Electronics, Vol. 12, Pages 1660: A Clustered Federated Learning Method of User Behavior Analysis Based on Non-IID Data
Electronics doi: 10.3390/electronics12071660
Authors: Jianfei Zhang Zhongxin Li
Federated learning (FL) is a novel distributed machine learning paradigm. It can protect data privacy in distributed machine learning. Hence, FL provides new ideas for user behavior analysis. User behavior analysis can be modeled using multiple data sources. However, differences between different data sources can lead to different data distributions, i.e., non-identically and non-independently distributed (Non-IID). Non-IID data usually introduce bias in the training process of FL models, which will affect the model accuracy and convergence speed. In this paper, a new federated learning algorithm is proposed to mitigate the impact of Non-IID data on the model, named federated learning with a two-tier caching mechanism (FedTCM). First, FedTCM clustered similar clients based on their data distribution. Clustering reduces the extent of Non-IID between clients in a cluster. Second, FedTCM uses asynchronous communication methods to alleviate the problem of inconsistent computation speed across different clients. Finally, FedTCM sets up a two-tier caching mechanism on the server for mitigating the Non-IID data between different clusters.
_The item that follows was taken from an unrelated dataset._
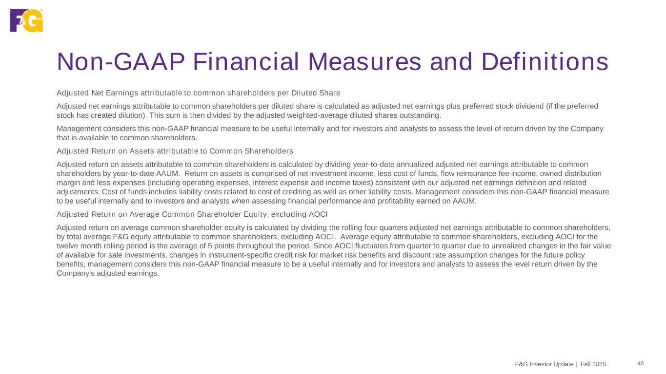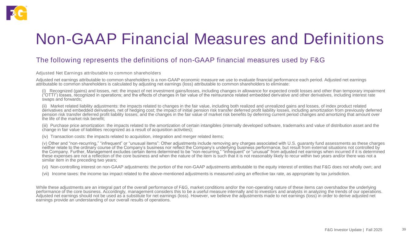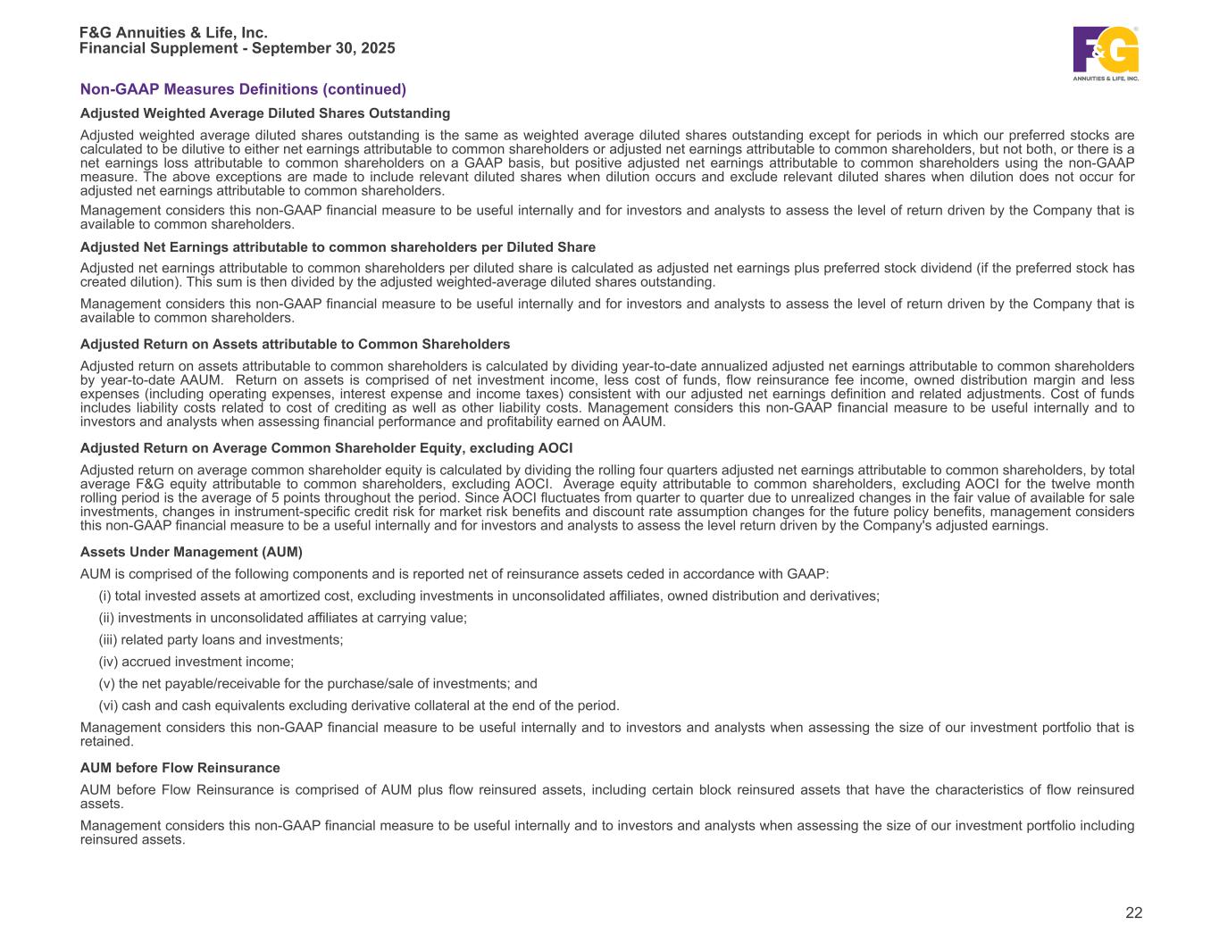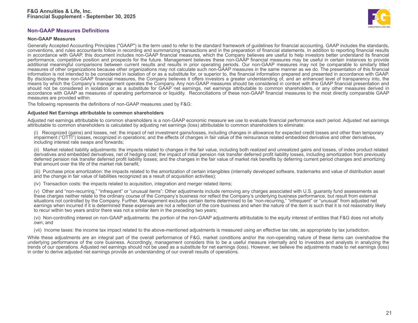 Non-GAAP Measures Definitions Non-GAAP Measures Generally Accepted Accounting Principles ("GAAP") is the term used to refer to the standard framework of guidelines for financial accounting. GAAP includes the standards, conventions, and rules accountants follow in recording and summarizing transactions and in the preparation of financial statements. In addition to reporting financial results in accordance with GAAP, this document includes non-GAAP financial measures, which the Company believes are useful to help investors better understand its financial performance, competitive position and prospects for the future. Management believes these non-GAAP financial measures may be useful in certain instances to provide additional meaningful comparisons between current results and results in prior operating periods. Our non-GAAP measures may not be comparable to similarly titled measures of other organizations because other organizations may not calculate such non-GAAP measures in the same manner as we do. The presentation of this financial information is not intended to be considered in isolation of or as a substitute for, or superior to, the financial information prepared and presented in accordance with GAAP. By disclosing these non-GAAP financial measures, the Company believes it offers investors a greater understanding of, and an enhanced level of transparency into, the means by which the Company’s management operates the Company. Any non-GAAP measures should be considered in context with the GAAP financial presentation and should not be considered in isolation or as a substitute for GAAP net earnings, net earnings attributable to common shareholders, or any other measures derived in accordance with GAAP as measures of operating performance or liquidity. Reconciliations of these non-GAAP financial measures to the most directly comparable GAAP measures are provided within. The following represents the definitions of non-GAAP measures used by F&G: Adjusted Net Earnings attributable to common shareholders Adjusted net earnings attributable to common shareholders is a non-GAAP economic measure we use to evaluate financial performance each period. Adjusted net earnings attributable to common shareholders is calculated by adjusting net earnings (loss) attributable to common shareholders to eliminate: (i) Recognized (gains) and losses, net: the impact of net investment gains/losses, including changes in allowance for expected credit losses and other than temporary impairment (“OTTI”) losses, recognized in operations; and the effects of changes in fair value of the reinsurance related embedded derivative and other derivatives, including interest rate swaps and forwards; (ii) Market related liability adjustments: the impacts related to changes in the fair value, including both realized and unrealized gains and losses, of index product related derivatives and embedded derivatives, net of hedging cost; the impact of initial pension risk transfer deferred profit liability losses, including amortization from previously deferred pension risk transfer deferred profit liability losses; and the changes in the fair value of market risk benefits by deferring current period changes and amortizing that amount over the life of the market risk benefit; (iii) Purchase price amortization: the impacts related to the amortization of certain intangibles (internally developed software, trademarks and value of distribution asset and the change in fair value of liabilities recognized as a result of acquisition activities); (iv) Transaction costs: the impacts related to acquisition, integration and merger related items; (v) Other and “non-recurring,” “infrequent” or “unusual items”: Other adjustments include removing any charges associated with U.S. guaranty fund assessments as these charges neither relate to the ordinary course of the Company’s business nor reflect the Company’s underlying business performance, but result from external situations not controlled by the Company. Further, Management excludes certain items determined to be “non-recurring,” “infrequent” or “unusual” from adjusted net earnings when incurred if it is determined these expenses are not a reflection of the core business and when the nature of the item is such that it is not reasonably likely to recur within two years and/or there was not a similar item in the preceding two years; (vi) Non-controlling interest on non-GAAP adjustments: the portion of the non-GAAP adjustments attributable to the equity interest of entities that F&G does not wholly own; and (vii) Income taxes: the income tax impact related to the above-mentioned adjustments is measured using an effective tax rate, as appropriate by tax jurisdiction. While these adjustments are an integral part of the overall performance of F&G, market conditions and/or the non-operating nature of these items can overshadow the underlying performance of the core business. Accordingly, management considers this to be a useful measure internally and to investors and analysts in analyzing the trends of our operations. Adjusted net earnings should not be used as a substitute for net earnings (loss). However, we believe the adjustments made to net earnings (loss) in order to derive adjusted net earnings provide an understanding of our overall results of operations. F&G Annuities & Life, Inc. Financial Supplement - September 30, 2025 21

In multiple simulated datasets, compared to the method without the federated framework, the FedTCM is maximum 15.8% higher than it and average 12.6% higher than it. Compared to the typical federated method FedAvg, the accuracy of FedTCM is maximum 2.3% higher than it and average 1.6% higher than it. Additionally, FedTCM achieves more excellent communication performance than FedAvg.